Comment 7 Robin Johnson archtester Gentoo Infrastructure gentoo-dev Security 2011-05-05 18:35:38 UTC
(In reply to comment #6)
> @robbat2, shall we move forward with stabilization of 5.1.52-r1?
The stablereq target is 5.1.56, nothing earlier.
Comment 8 Tim Sammut (RETIRED) gentoo-dev 2011-05-06 15:43:22 UTC
(In reply to comment #7)
> The stablereq target is 5.1.56, nothing earlier.

Ok, great, thanks.
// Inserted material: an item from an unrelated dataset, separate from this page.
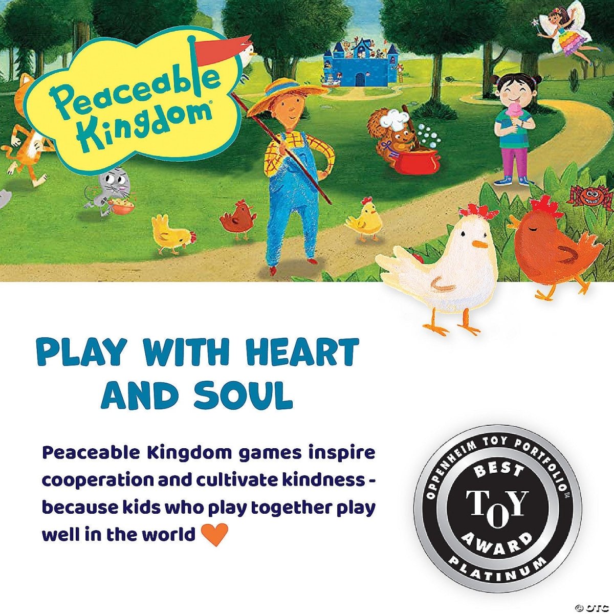 The baby chicks have flown the coop. Players help mother hen collect her chicks and bring them back to the coop. Spin and move, count the number of spaces, and collect that number of chicks. Take turns but work together. Collect all the chicks, and everyone wins! Count Your Chickens! eliminates stress, empowers a young learner, and teaches kids that playing together can be fun! Kids practice counting and cooperation. Help your kids learn at an early age how easy it is to cooperate! INCLUDES: 1 game board, 1 mother hen with stand, 40 baby chick markers, 1 spinner and instructions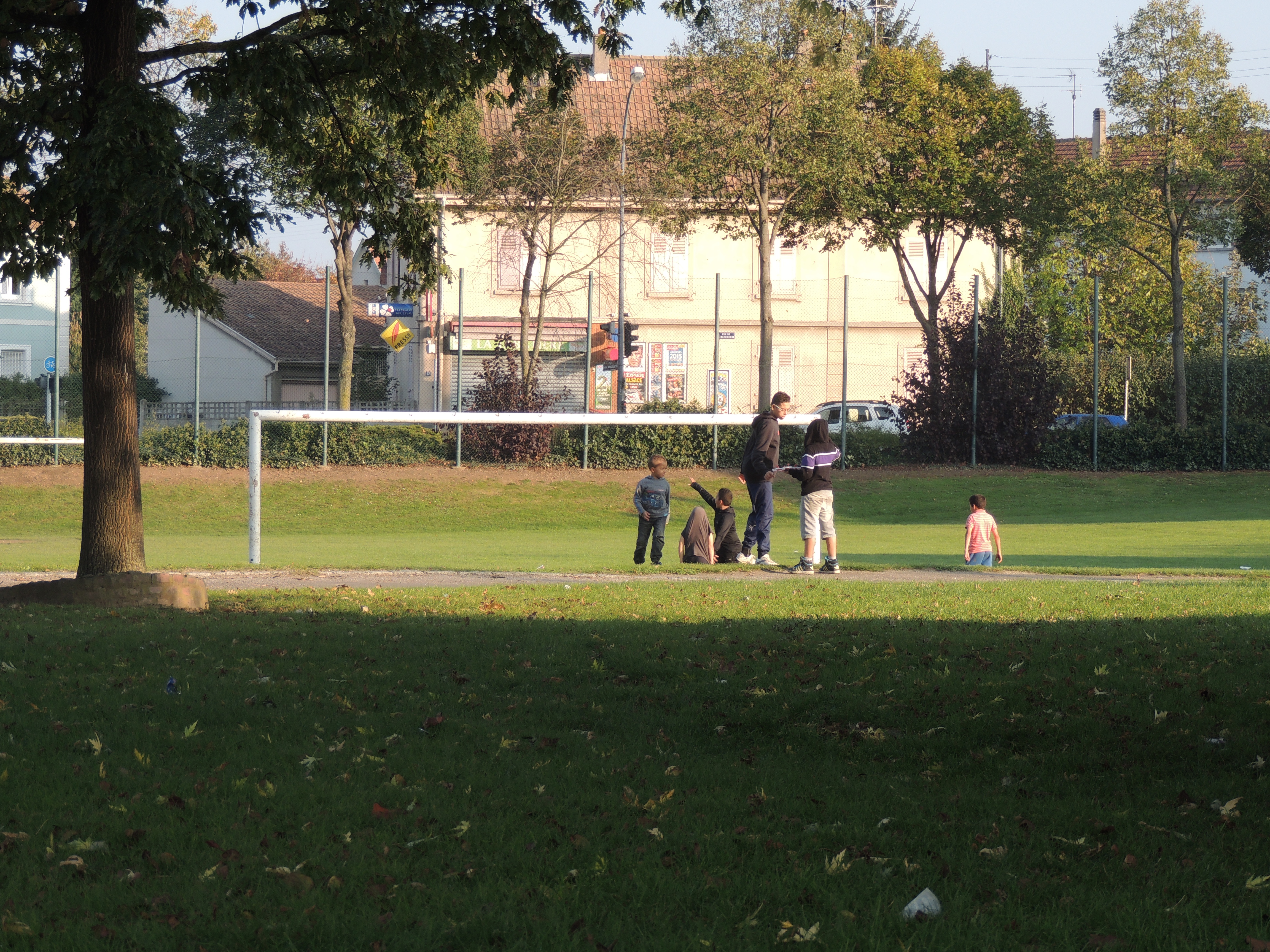 Jeunes se trouvant sur un terrain de foot.

For our future reference, 5.1.56 also includes this security fix (first fixed in 5.1.53):

http://dev.mysql.com/doc/refman/5.1/en/news-5-1-53.html
      InnoDB Storage Engine: Security Fix: A failed CREATE TABLE statement for
      an InnoDB table could allocate memory that was never freed. (Bug #56947)
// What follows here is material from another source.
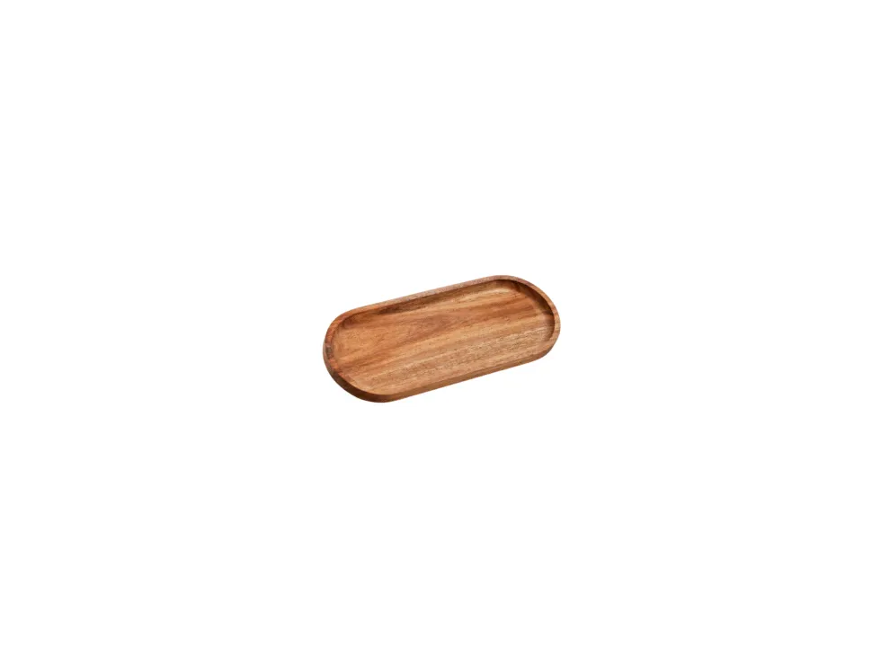 Bandeja ovalada fabricada en madera símil acaccia, con un acabado natural que aporta calidez y sofisticación a cualquier ambiente. Su tamaño compacto la hace perfecta para organizar jabones, perfumes, accesorios o pequeños objetos decorativos.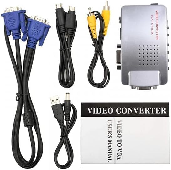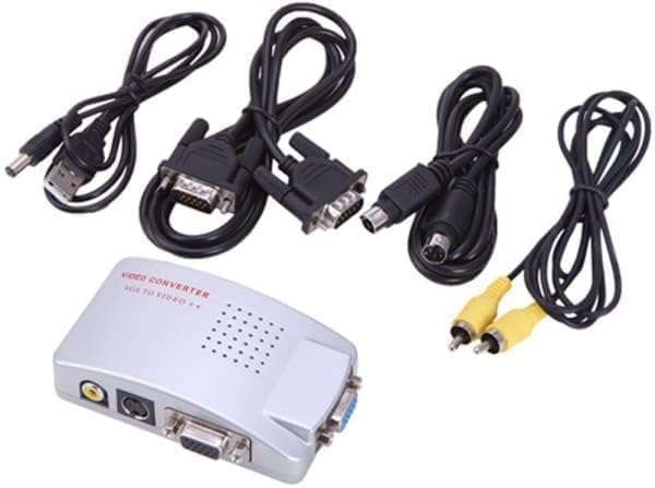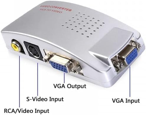 Connect older displays and AV gear with a compact Video Converter Box designed to bridge a computer’s VGA output to classic TV-style video connections. This sleek silver converter is built for home, office, and presentation use when you need a simple way to send your PC/laptop picture to a TV or display that accepts composite video (RCA) or S-Video.

Arches, please test and mark stable:
=dev-db/mysql-5.1.56
Target keywords : "alpha amd64 arm hppa ia64 ppc ppc64 s390 sh sparc x86"
Comment 9 Thomas Kahle (RETIRED) gentoo-dev 2011-05-06 22:04:42 UTC
x86 stable. thanks
Comment 10 Agostino Sarubbo gentoo-dev 2011-05-06 22:26:38 UTC
posted bug 366289 and bug 366291
Comment 11 Agostino Sarubbo gentoo-dev 2011-05-07 09:01:11 UTC
(In reply to comment #10)
> posted bug 366289 and bug 366291

anyway works for me.
Comment 12 Robin Johnson archtester Gentoo Infrastructure gentoo-dev Security 2011-05-07 19:20:55 UTC
To clarify:
1. As usual, the test instructions are included in the ebuild
# Official test instructions:
# USE='berkdb -cluster embedded extraengine perl ssl community' \
# FEATURES='test userpriv -usersandbox' \
# ebuild mysql-X.X.XX.ebuild \
# digest clean package

2. The warning about unused configure flags is a long-standing false positive from upstream's nested unrelated configure scripts.
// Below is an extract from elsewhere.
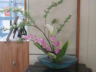今回の花には、ピンクのスイートピーが入っています。スイートピーといえば、松本隆さん作曲の「赤いスイートピー」が有名ですが、松田聖子さんの歌で流行した時には、まだ赤いスイートピーは開発されておらず、この世には存在しなかったとか。

3. The dodoc is fixed per bug #366289.
Comment 13 Markos Chandras (RETIRED) gentoo-dev 2011-05-08 22:07:18 UTC
amd64 done
Comment 14 Ian Delaney (RETIRED) gentoo-dev 2011-05-08 23:29:54 UTC
and64.

used recommended use flags etc. Longest test suite so far.
emerged ok.  seems done
Comment 15 Markus Meier gentoo-dev 2011-05-09 05:07:11 UTC
arm stable
Comment 16 Jeroen Roovers (RETIRED) gentoo-dev 2011-05-09 11:14:14 UTC
Stable for HPPA.
Comment 17 Kacper Kowalik (Xarthisius) (RETIRED) gentoo-dev 2011-05-14 16:10:33 UTC
ia64/ppc/ppc64 stable
Comment 18 Raúl Porcel (RETIRED) gentoo-dev 2011-05-14 19:29:18 UTC
alpha/s390/sh/sparc stable
Comment 19 Tim Sammut (RETIRED) gentoo-dev 2011-05-14 20:02:30 UTC
Thanks, folks. GLSA Vote: Yes (with other MySQL bugs)
Comment 20 Stefan Behte (RETIRED) gentoo-dev Security 2011-10-08 22:14:44 UTC
Vote: YES. Added to pending GLSA request.
Comment 21 GLSAMaker/CVETool Bot gentoo-dev 2012-01-05 22:47:26 UTC
This issue was resolved and addressed in
 GLSA 201201-02 at http://security.gentoo.org/glsa/glsa-201201-02.xml
by GLSA coordinator Tim Sammut (underling).